Closed andkay closed 2 years ago
agree - options: (1) shallow clone - https://stackoverflow.com/questions/4515580/how-do-i-remove-the-old-history-from-a-git-repository (2) remove based on file size using BFG (3) remove all history (4)?
I like 1 - but not 100% sure of consequences
I'm assuming you hit the button by mistake, rather than you're telling us there are no options @fredshone ?
I've been using shallow clones on workboxes -- which indeed work, but I understand they have some unintended consequences, and recommending it for installation feels weird (never seen a repo that says to do this).
I think we would need to BFG based on file names/extensions instead of sizes. None of the data is particularly large -- its just that many commits have updated many small files many times.
I'm interested in finding a more permanent solution.

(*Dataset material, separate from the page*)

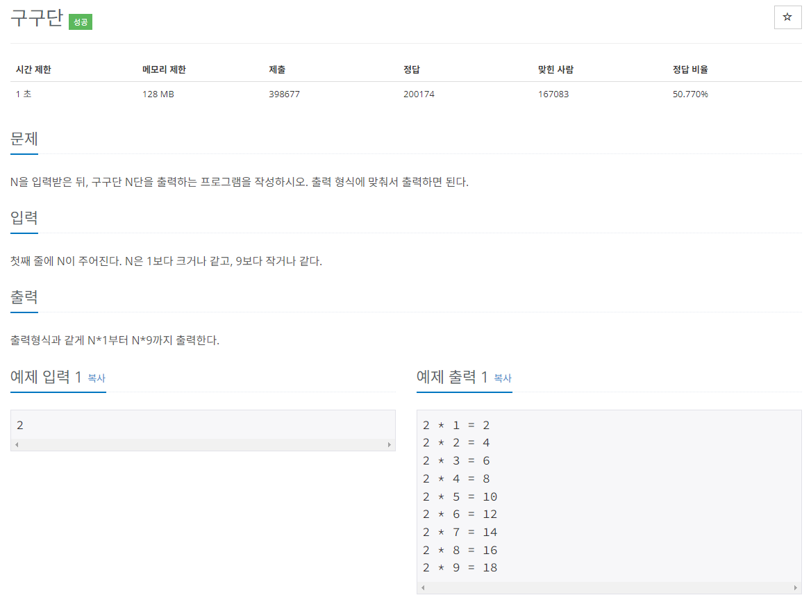 N을 입력받은 뒤, 구구단 N단을 출력하는 프로그램을 작성하시오. 출력 형식에 맞춰서 출력하면 된다.

So long as we continue to push refreshed test data to the repo, this is going to come up again I think 🤔
Some detail on the repo size...
Repo is definitely excessively chonky at nearly 700 megs:
:~/workspace/elara(elar-3.7.6)$ du -hs
691M .
The Git pack file is the source of the chonkiness, as we suspected:
$ du | sort -nr
1416120 .
1399480 ./.git
1398800 ./.git/objects
1398688 ./.git/objects/pack
6488 ./tests
4288 ./tests/test_intermediate_data
3288 ./tests/test_intermediate_data/benchmarks
1288 ./elara
744 ./tests/test_outputs
568 ./elara/__pycache__
408 ./tests/test_fixtures
360 ./tests/__pycache__
304 ./example_benchmark_data
224 ./.git/logs
216 ./.git/refs
216 ./.git/logs/refs
192 ./images
184 ./example_benchmark_data/test_fixtures
176 ./.git/refs/remotes/origin
176 ./.git/refs/remotes
176 ./.git/logs/refs/remotes/origin
176 ./.git/logs/refs/remotes
136 ./tests/test_outputs/benchmarks
96 ./example_benchmark_data/test_town
88 ./.git/hooks
80 ./scripts
...
Looks like some MATSim events files were accidentally checked in at some point - see the tests/londinium_hermes_10iters_msonly/
dir - and have since been removed, but they still exist in the pack file and seem to be responsible for most of the chonk:
$ git rev-list --objects --all | git cat-file --batch-check='%(objecttype) %(objectname) %(objectsize) %(rest)' | sed -n 's/^blob //p' | sort --numeric-sort --key=2 | cut -c 1-12,41- | $(command -v gnumfmt || echo numfmt) --field=2 --to=iec-i --suffix=B --padding=7 --round=nearest | grep -vF --file=<(git ls-tree -r HEAD | awk '{print $3}')
...
a52f7b6d4d54 6.8MiB tests/test_fixtures/output_plans.xml
402e10ec2770 11MiB tests/test_fixtures/output_network.xml.gz
3bbec54f38e9 22MiB tests/test_fixtures/output_events.xml
b746fe957c2b 46MiB tests/test_fixtures/output_transitSchedule.xml
ce672c79a39d 58MiB tests/londinium_hermes_10iters_msonly/ITERS/it.9/9.events.xml.gz
000c11f17633 58MiB tests/londinium_hermes_10iters_msonly/ITERS/it.10/10.events.xml.gz
65b0fbaa53b1 58MiB tests/londinium_hermes_10iters_msonly/ITERS/it.8/8.events.xml.gz
cbee81aa6e65 58MiB tests/londinium_hermes_10iters_msonly/ITERS/it.5/5.events.xml.gz
3466c31b35ce 58MiB tests/londinium_hermes_10iters_msonly/ITERS/it.6/6.events.xml.gz
fddf435dc967 58MiB tests/londinium_hermes_10iters_msonly/ITERS/it.7/7.events.xml.gz
db280895d97c 58MiB tests/londinium_hermes_10iters_msonly/ITERS/it.4/4.events.xml.gz
0ad6859f424b 58MiB tests/londinium_hermes_10iters_msonly/ITERS/it.3/3.events.xml.gz
b8898eb5d836 58MiB tests/londinium_hermes_10iters_msonly/ITERS/it.2/2.events.xml.gz
d038bccd9080 58MiB tests/londinium_hermes_10iters_msonly/ITERS/it.1/1.events.xml.gz
75a06db42166 58MiB tests/londinium_hermes_10iters_msonly/ITERS/it.0/0.events.xml.gz
I will purge these files from the pack file and see how the repo size looks - should be a nice slimming.
Opening an issue for discussion.
Code quality and documentation is obviously number one, but also a random thought.
The repo is quite large
680.71 MiB
. I suspect this is related to history of Test Fixtures and Test Outputs. Would be good to BFG this and get a strategy in place so this doesn't explode again.